The site was the first to break the Applegreen greenwashing controversy, where the fuel brand had claimed to offset the emissions of its premium fuels, but neglected to inform the public that this did not include the emissions from extraction or refinement – which typically account for up to 40% of the total greenhouse gas emissions from petrol and diesel.
Nor did Applegreen's marketing acknowledge that the trees being planted to carbon offset the emissions could take upwards of 30 years to capture the emissions that they claimed.

IrishEVs has also been a leading voice in the Irish media about the ecological and climate harm caused by hybrid vehicles, and how manufacturers – Toyota in particular – are using greenwashing campaigns to aid their public image without lowering the emissions of their vehicles. A 2020 report found that carbon emissions from plug-in hybrid vehicles, on average, two-and-a-half times higher than official tests indicate, mirroring the Volkswagen emissions scandal.

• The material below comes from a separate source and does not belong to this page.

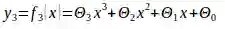 从上图可看出二项式对数据的拟合度好于一项式。但是二次方程在某些数据样本上仍拟合得不太好。于是我们创建了一个更复杂的三次多项式模型,如下:
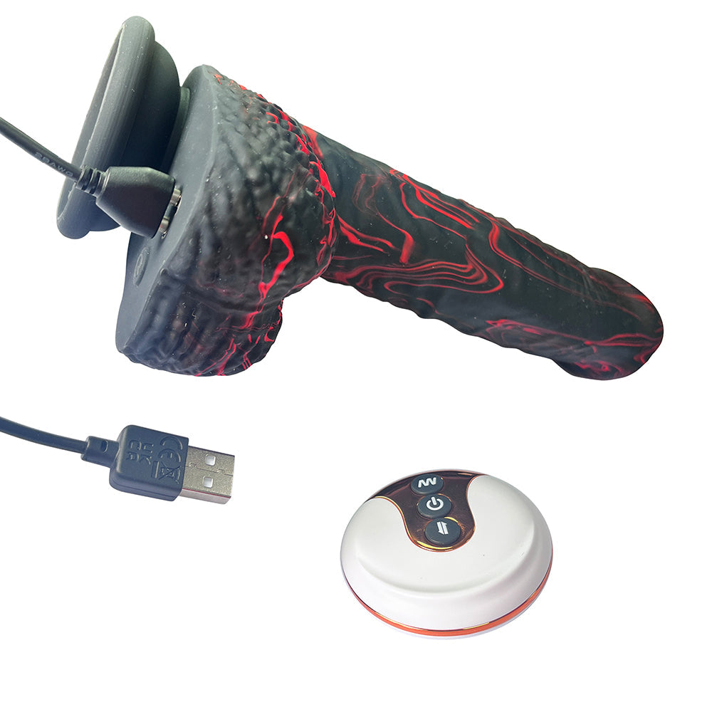 Rock Your Bed With Powerful Thrusting, Gyration and Vibration!Hope you''ve got a sturdy bed, because this powerful dildo is guaranteed to get it rocking! Add lube, then slide its big and filling realistically shaped shaft inside you. Fire it up to feel intense thrusts! As it thrusts, the tip gyrates in a tight circle, adding extra stimulation. Make the ride even better with powerful tip-focused vibration modes. A control button on the dildo combines thrusting and vibration for you. Or grab the remote control and choose from 5 intense thrusting modes and 7 body-quaking vibration modes! Hold this huge dildo by its big balls or stick its suction cup to hard surfaces and ride hands-free. Waterproof. Silicone. 8.9 by 3.1 inches total length, 6.5 by 1.5 inches insertable. Rechargeable dildo, remote takes one 12V battery (included). Big thrusting and vibrating dildo with remote Colorful silicone shaft with realistic shape Shaft thrusts, gyrates, and vibrates for great stimulation Explore combined sensations via the dildo Or take total control with the remote Remote gives you 5 thrusting/gyration modes + 7 vibe modes Secure suction cup base Rechargeable, runs approx. 45 minutes per charge Waterproof

IrishEVs also played a key role in the reporting of the Astongate greenwashing scandal in 2020, which involved a number of well-known brands spreading misinformation about electric vehicles in the wake of the UK's declaration to end the sale of combustion engine vehicles from 2030.

In February 2022, IrishEVs launched the Irish Greenwashing Awards to raise awareness of how commonplace greenwashing had become amongst corporations operating in Ireland, and amongst the Irish press itself, and to call for urgent legislation to protect Irish citizens from brands seeking to profit from the Climate Crisis.